İlk 8 saatlik kolşisin tedavisinin hemen ardından, tüm Hydra hayatta kalır. Bu Hydra'lardan bazıları sadece benekli tutacaklara sahip olacak ( Şekil 3 A ), diğerleri dokunaçlarını tamamen tükettiler ( Şekil 3 B ). Sonraki 1 veya 2 gün içinde, tüm Hydra'nın elindeki dokunma duyularını kaybedene kadar dokunaçlar küçülmeye devam edecek. Tedaviyi takip eden yaklaşık 1 hafta içinde, Hydra , dokunaçlarını tam olarak yenilemeden önce dokunaçlar gibi küçük saplama ( Şekil 3 C ) ile dokunaçlı yeniden oluşma belirtileri gösterecektir ( Şekil 3 D ). Orijinal Hydra'nın yaklaşık% 50-60'ında sonunda dokunuşları tedaviden 1-2 hafta sonra tekrar oluşuyor.

SEcond tedavisinde, hayvanların iyileşmesi ilk tedaviden sonraki iyileşme ile benzerdir. Böylece, her iki tedaviye giren orijinal hayvan sayısının yaklaşık% 10'u toparlar ve deney için uygun bir boyuta gelir ( Şekil 1 B ). Bu Hydra , işlenmemiş hayvanlardan daha ince görülen, daha şeffaf olan dokuları vardır ve ozmotik basıncı hafifletmek için ağızlarını açamama nedeniyle şişmiş görünen dokunma duyularına sahiptir ( Şekil 1 A , 1B). Beslenmeyen tüm hayvanlar birkaç hafta hayatta kalabilirler, ancak beslenemeyen hayvanlar küçülür ve beslenmesi gittikçe zorlaşır.

İkinci tedaviyi takiben iyileşen hidra süresiz olarak muhafaza edilebilir. Bu hayvanlar tomurcuklanmakta, böylece nüfusu devam ettirmekte ve büyümektedirler. Ayrıca, nüfus yetiştirilebilirBu hayvanları kesip yeniden canlandırarak 4 .

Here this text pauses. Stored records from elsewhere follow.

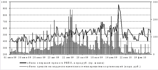 Рисунок 6 - Объем средств на корсчетах кредитных организаций и операций прямого РЕПО
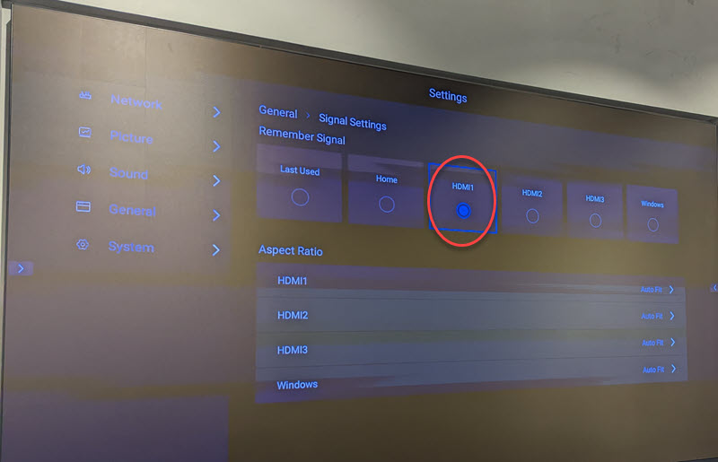 3. Under "Remember Settings", select the HDMI input which the DMP is connect to.
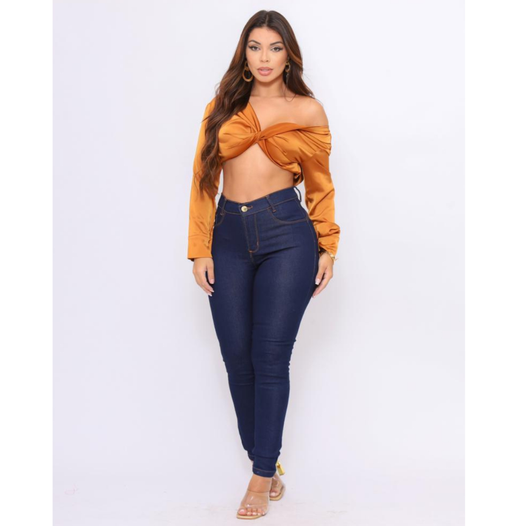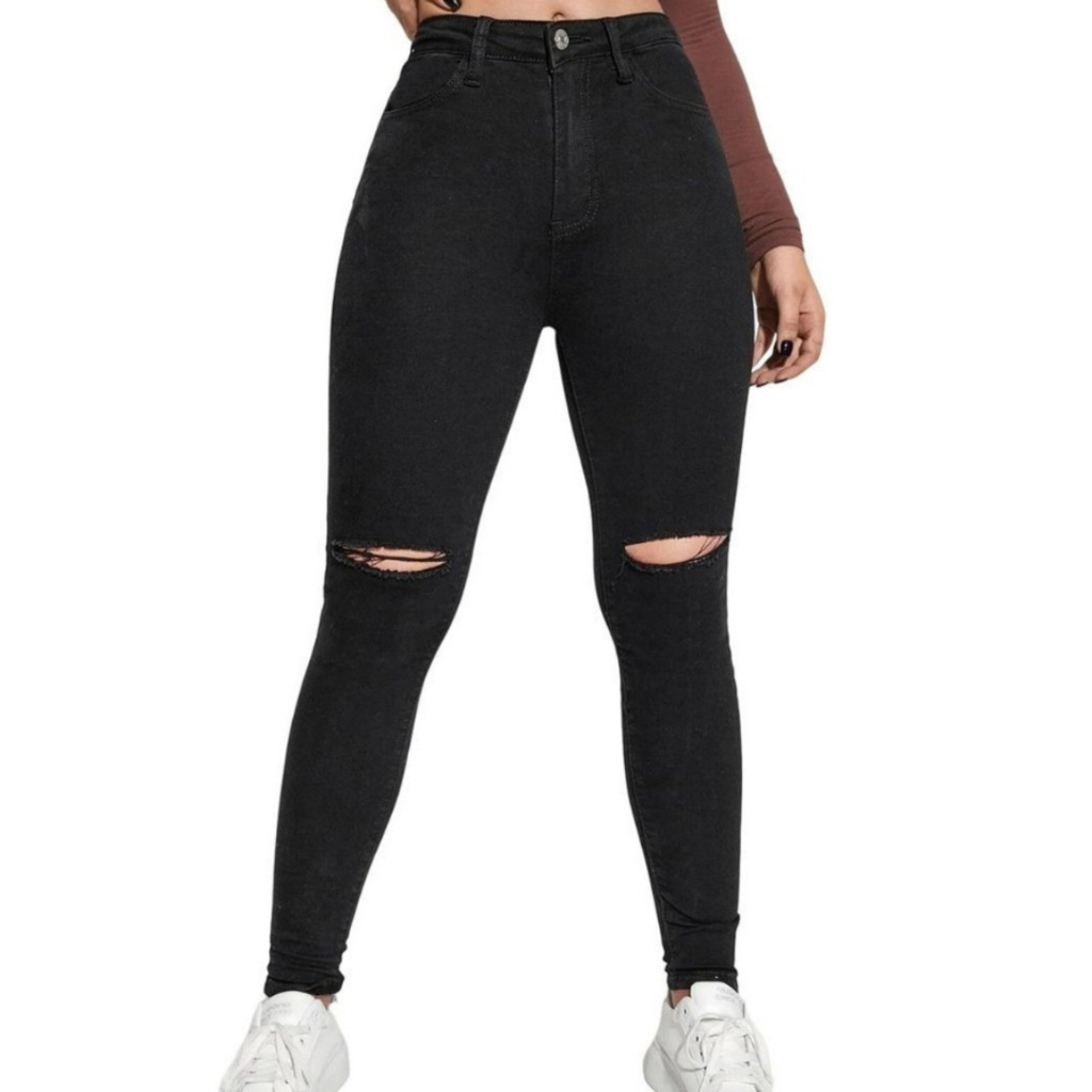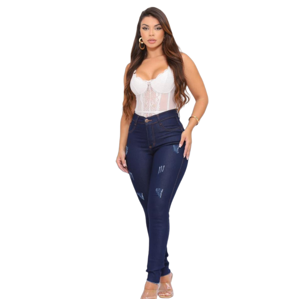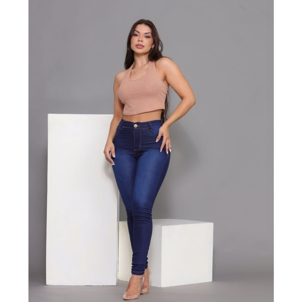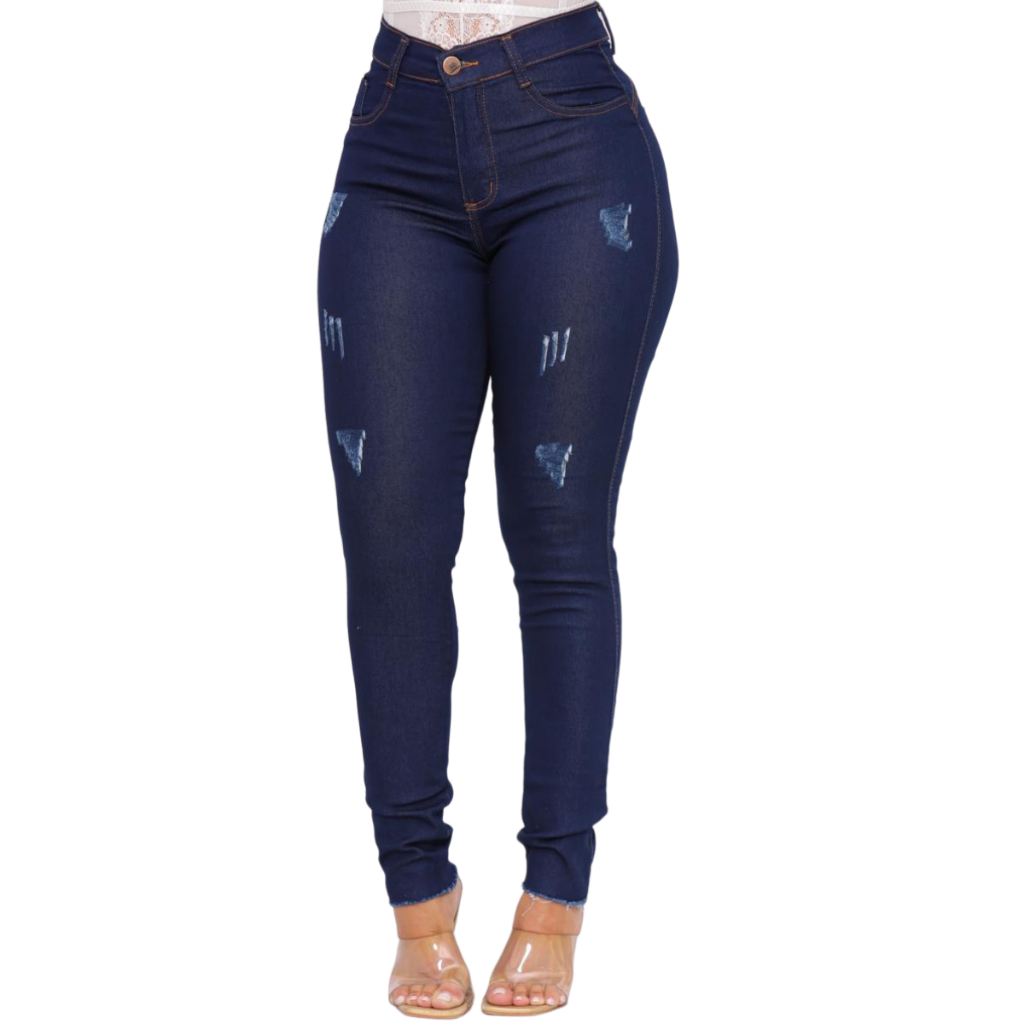 Calça Jeans Feminina Cintura Alta Levanta Bumbum Com Lycra Destroyed
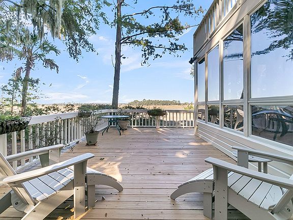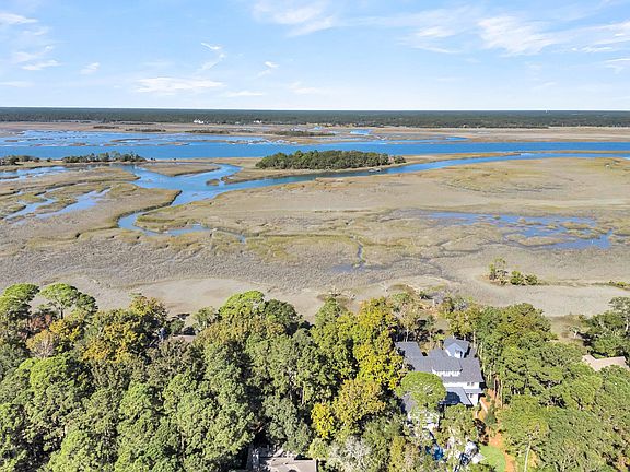 Secluded, private sanctuary with expansive marsh views.Primary suite is on the main floor with kitchen, dining room, living room and glass walled sunroom. Office loft and 2 ensuite guestrooms, both facing the view are on the 2nd floor. An intermediate level features a large suite above the garage. Extensive decks connect the home to it's spectacular natural setting. Stunning sunsets over the Kiawah River.New roof and encapsulated/dehumidified crawlspace October 2024.
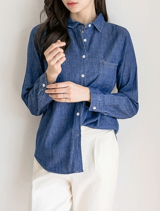 내추럴핏 양포켓 베이직 데님남방
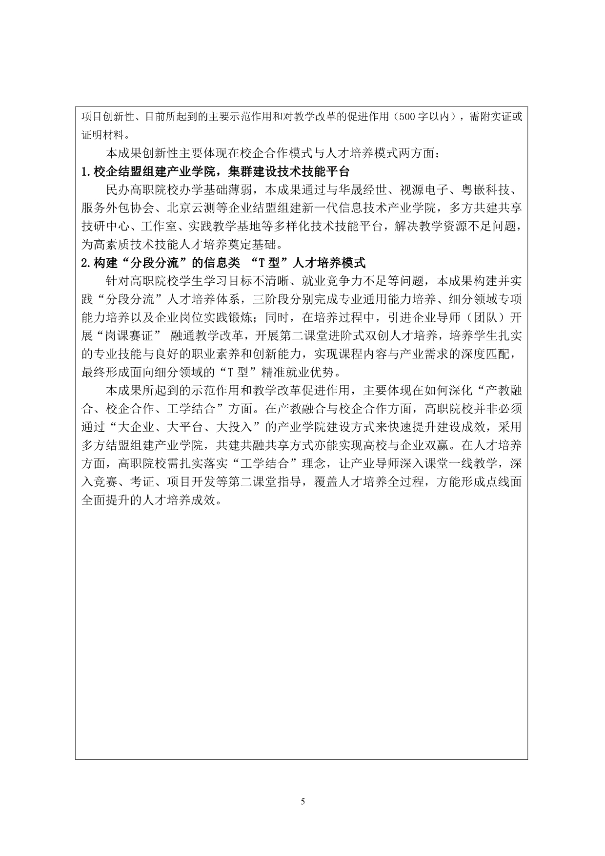 2.《校企协同、分段分流:面向中小微企业培养信息类“T 型”人才的创新与实践》成果总结报告+佘学文
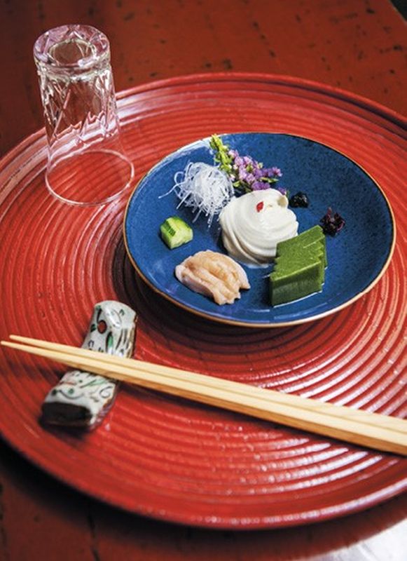Mientras que las cocinas occidentales, con sus fuertes aderezos y salsas características, suelen atraer inicialmente el sentido del olfato, la cocina japonesa es sobre todo visual. Esto se aplica a todas las comidas, desde las humildes cantinas shokudō hasta la kaiseki ryōtei de altos vuelos. El verbo yosou (“disfrazar” o “adornar”) describe la presentación de la comida. Es esencial armonizar color, forma y textura, y dar la consideración debida a cada elemento: desde la propia comida hasta el color de la guarnición y la forma del cuenco en que se sirve el manjar. Y por supuesto, en la mejor tradición zen, debe haber espacio o ma, ese elemento que se deja siempre a la imaginación; por eso los platos de kaiseki nunca se llenan del todo.
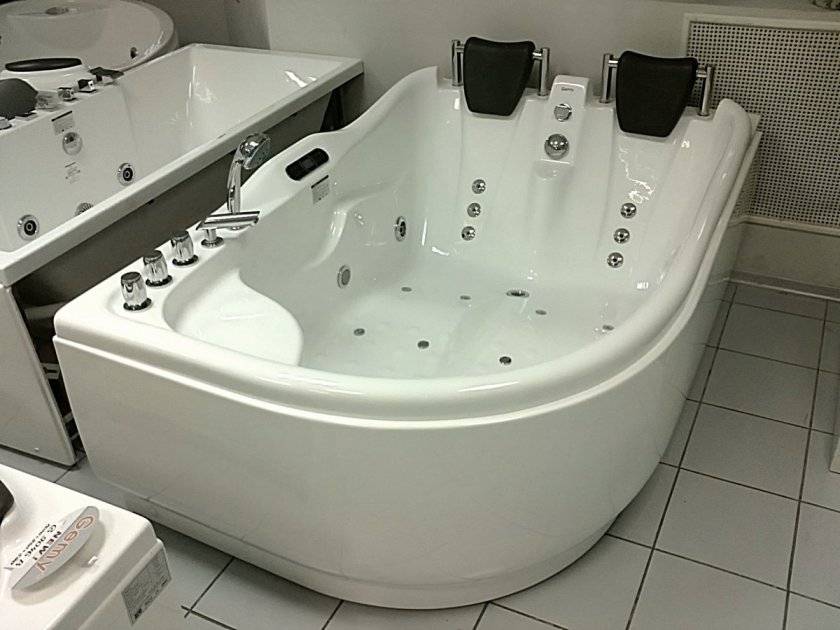 - Маленьких размеров конструкция, установленная в углу, позволяет расслабиться и покупаться полулежа человеку высокого роста. Комфортабельность важный показатель при выборе.
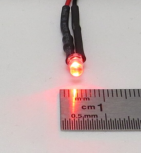 Leuchtfarbe: rot Gehäusefarbe: klar Größe: 3mm Kopfdurchmesser Betriebsspannung: 7,2 - 12V Litzenlänge: ca. 25cm mit Vorwiderstand Abstrahlwinkel: ca. 30° Strom: typ. ca. 20mA
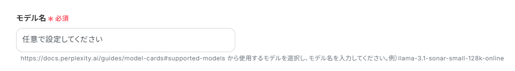 モデル名:こちらから使用するモデルを選択し、入力しましょう。
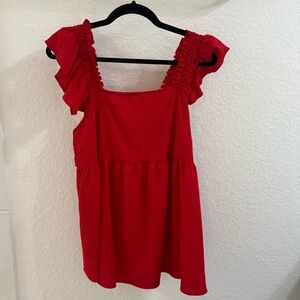 NWOT. Red maternity top with ruffle accents. Perfect for spring/summer! Exceptionally clean, smoke-free home.
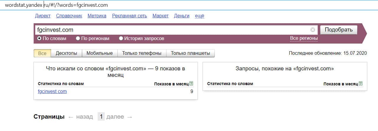 Данные по запросам того же домена "fgcinvest com", но без точки с пробелом, соответствуют таким цифрам: 9 показов за месяц.
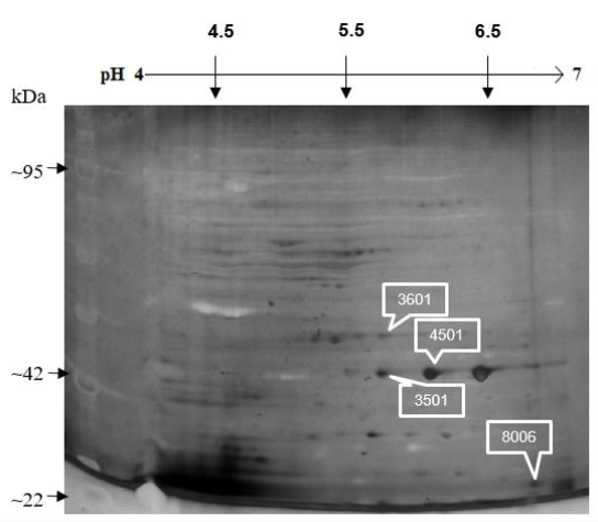 Después de identificar los patrones de expresión se realizó la aproximación a la identificación de las proteínas expresadas y aquellas que presentaron diferencias estadísticamente significativas. La posible identificación de las proteínas se lista en la tabla 4.
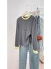 Otoño 2026 Nuevo Estilo Coreano Bloque de Color Ajustado Cuello Redondo Falso Dos Piezas Versátil Manga Larga Camiseta Capa Base para Mujer Chic
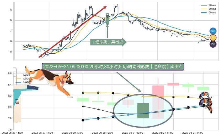 形态多维评估: ⚀ 2022-05-31 09:00:00小时显现 20小时-30小时-60小时均线 【绝命跳】卖出点 看空信号,后市看跌,卖出
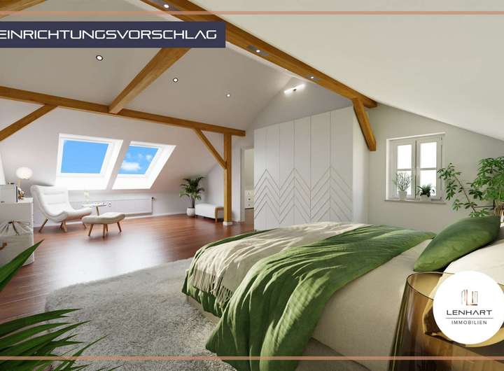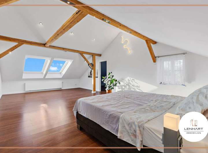 Im Dachgeschoss erwarten Sie ein großes Badezimmer mit Doppelwaschbecken, Whirlpool und begehbarer Dusche, die auch als Infrarotkabine dient. Das komfortable Elternschlafzimmer bietet eine separate Ankleide. Durch die Sichtbalken erhält der Raum eine gemütliche, einladende Atmosphäre. Außerdem ist ein geräumiges Kinderzimmer vorhanden, das flexibel eingerichtet werden kann. Zwei Abstellräume dienen als Lagerflächen.
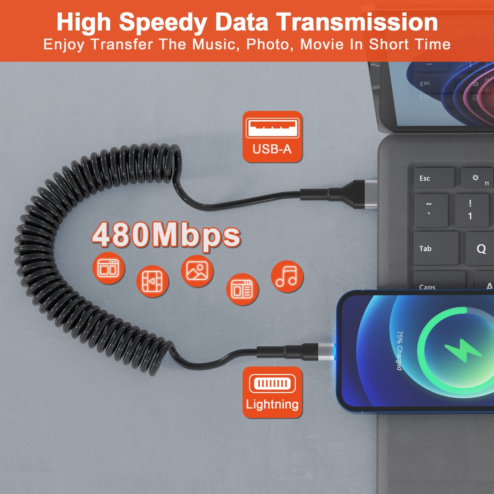 【Support Apple CarPlay】This apple carplay cable has a great solution for charging your phone in the car and supports Apple CarPlay. Retractable iPhone car charger with spring shape design, portable and not tangled. Besides, coiled lightning cable can save your space in the car and say goodbye to the hassle of charge cable clutter. 【Fast Charger & Data Sync】This coiled short iphone charging cable meets all Apple standards with transfer speeds up to 2.4A fast charging and 480Mbps. Allowing you to charge your iPhone 14/13/12, 0 to 40% in 30mins or 75% in 1hr. Best for pairing with car charger. 【MFi Certified & CarPlay Compatible】Fully support CarPlay. Our officially MFi certified coiled apple carplay cable can secure a reliable & firm connection. Get directions, answer calls, reply to messages all with this short iphone charging cable. 【With LED Light & Wide Compatibility】The MFi certified lightning cable adopts the original Apple chipset to maintain safe and stable charging without error message pop up when the USB A Port is connected to power supply, compatible with all iPhone models, such as iPhone 14, iPhone 13, iPhone 12, iPhone X. Also compatible with i Pad and Air Pods. 【Best Service For the Apple CarPlay cord】For the Coiled Lightning Cable, iPhone car charger cable (USB-A to Lightning Cable), we provide the 24 hours email support, 30-day free return and exchange service, and 1 years of after-sales warranty.If you have any questions about your product, please contact us, we will reply as soon as possible.
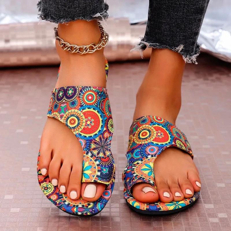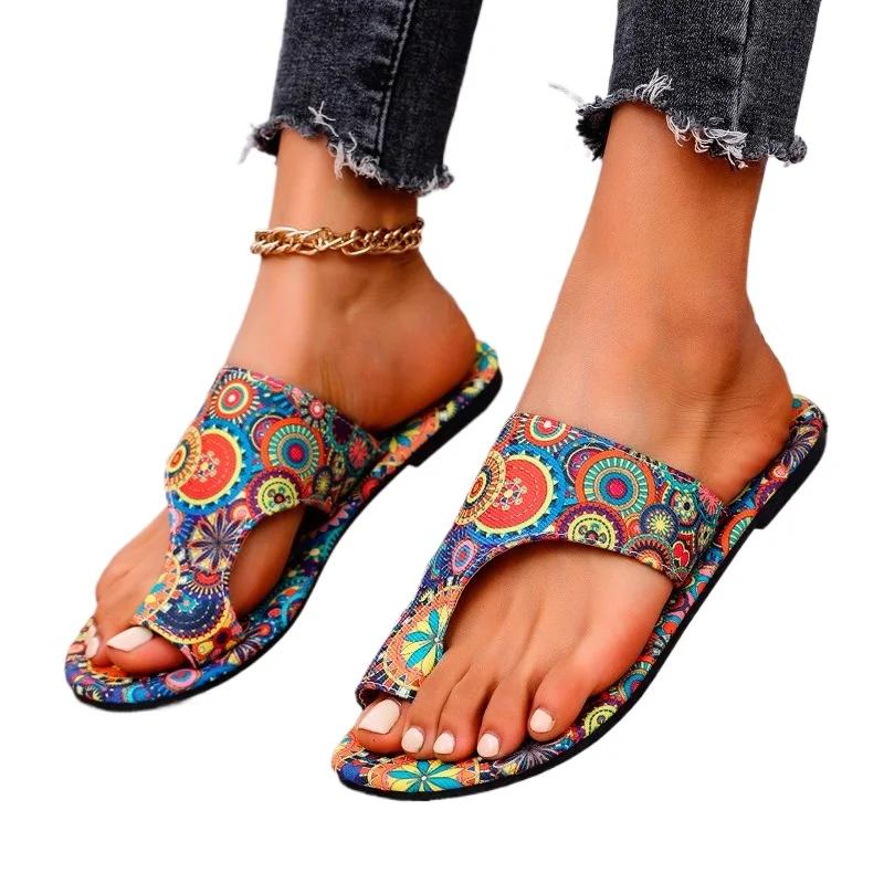 Мода 2025 Лето Шлепанцы женские с перемычкой между пальцами Модная печать Повседневные шлепанцы Женские Новые Большого размера Бестселлер Мягкая подошва Плоские шлепанцы
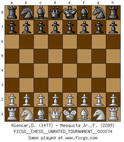 First move 2026 March 13 2:8:8 White clock - 39 days 14:00:13 Black clock - 40 days 00:00:00 [Event "FICGS__CHESS__UNRATED_TOURNAMENT__000074"] [Site "FICGS"] [Date "2026.03.13"] [Round "1"] [White "Alencar,Ofir"] [Black "Mesquita Jr.,Fausto Monteiro"] [Result "*"] [WhiteElo "1477"] [BlackElo "2289"] 1.* Follow this game move after move (download)Many Chess players were surprised when after the game, Fischer quietly explained: 'I had already analyzed this possibility' in a position which I thought was not possible to foresee from the opening. (Mikhail Tal) Matt entspricht nicht immer den Tatsachen. (Savielly Grigorievitsch Tartakower) ¡Examina movidas que hagan daño! Un buen ojo for movidas desvastantes es mucho mas importante que el conocimiento de principios estratégicos. (Purdy) La tactique est l'élément le plus important du milieu de jeu. (Siegbert Tarrasch) First of all, we have to go back to the classical time control. (Anatoly Karpov)
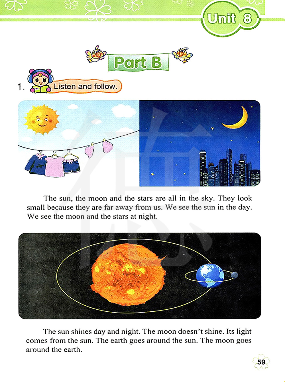 太阳、月亮和星星都在天空上。它们看上去小是因为它们离我们很遥远。 白天,我们能看到太阳。夜晚,我们能看到月亮和星星。
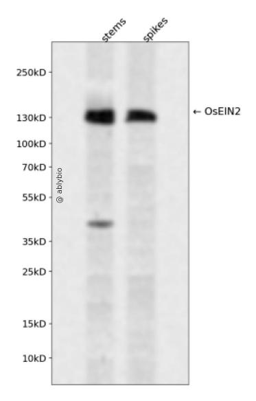 Western blot analysis of OsEIN2 expressed in stems,spikes using OsEIN2 Rabbit pAb at 1:1000. Secondary antibody: HRP Goat Anti-Rabbit IgG (H+L) at 1:5000. Lysates/proteins: 30ug per lane. Blocking buffer: 5% non-fat dry milk in TBST. Detection: ECL Enhanced Kit. Exposure time: 120s.
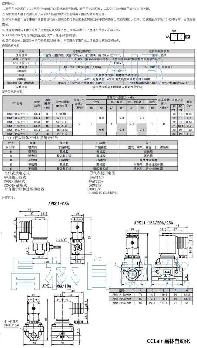 詳細信息 APK01-08A,APK11-08A,APK11-10A,APK11-15A,先導式二通電磁閥

İmmunohistokimya, ikinci kolşisin tedavisinden sonra hipostomdaki nöronların kaybedildiğini doğrulamaktadır. Hipostomdaki yoğun sinir ağı bir anti-tirosin-tubulin antikoru 13 , 16 kullanarak görselleştirilebilir ve ağızdan ve belirgin hücre cisimlerinin dışına yayılan farklı lifleri gösterir ( Şekil 4 A ). Bu lifler, kolşisin ile çift işleme tabi tutularak üretilen sinirsiz Hidra'da yoktur ( Şekil 4 B ). Ayrıca, DAPI ile birlikte boyama, kolşisin tedavilerinin bir sonucu olarak interstisyel hücre soylarının hücrelerinin kaybına bağlı olarak, tedavi edilmemiş kontrollere kıyasla, sinirsiz Hidra'da azalan hücre çekirdeği sayısını ortaya çıkarmaktadır ( Şekil4 A, 4B ).

Şekil 1
Şekil 1 . Sinirsiz ve Tedavi Edilmemiş Hidraların Karşılaştırılması .
(A) Tedavi edilmemiş Hydra . (B) İkinci kolşisin tedavisinden 22 gün sonra sinirsiz hidra . Şişmiş vücut kolonunu ve sinirsiz hayvandaki ince dokunaçları not edin. Ölçek çubukları 500 μm'dir. Bu rakamın daha büyük bir versiyonunu görmek için lütfen tıklayınız.

şekil 2
Şekil 2 . Şekli Değiştirilmiş Hidra Örneği .
(A) İki Hidra (B) Tuhaf şekilli bir Hydra . (C) Ağzı açıldıktan sonra sönmüş bir hidra . Ölçek çubukları 400 μm'dir. Bu rakamın daha büyük bir versiyonunu görmek için lütfen tıklayınız.

Şekil 3
Şekil 3 . İlk 8 saatlik Kolşisin Tedavisini İzleyen Hydra Temsilcisi Görüntüleri.
(A) Tedaviden hemen sonra kalın dokunaçlı bir Hydra . (B) Tedaviden hemen sonra eldivenlerini tamamen kaybetmiş bir Hydra . (C) Tedaviden 8 gün sonra onun dokularını yeniden canlandırmaya başlayan bir Hydra . (D)Tedaviden 13 gün sonra onun dokularını tamamen yeniden kıvranan bir Hydra . Ölçek çubukları 400 μm'dir. Bu rakamın daha büyük bir versiyonunu görmek için lütfen tıklayınız.

Şekil 4
Şekil 4 . Hipostomdaki Sinir Hücrelerinin Kaybı, İmmunohistokimyasal Yöntemle Teyit Edilebilir.
(A) (i) anti-tirosin-tübülin antikoru ve (ii) DAPI ile etiketli, ikinci kolşisin tedavisinden yaklaşık 2 hafta sonra, tedavi edilmemiş bir Hidra hipostomu ve (B) sinirsiz bir Hydranın hipostomu. (Iii) yer paylaşımını gösterir. *, Ağzın yerini belirtir. Maksimum z projeksiyonları, e ile alınan dönen disk konfokal floresan z istiflerinden yapıldı.Xposures 500 ms (GFP) ve 15 ms (DAPI). Parlaklık ve kontrast görünürlüğü artırmak için ayarlandı. Ölçek çubukları 20 μm'dir. Bu rakamın daha büyük bir versiyonunu görmek için lütfen tıklayınız.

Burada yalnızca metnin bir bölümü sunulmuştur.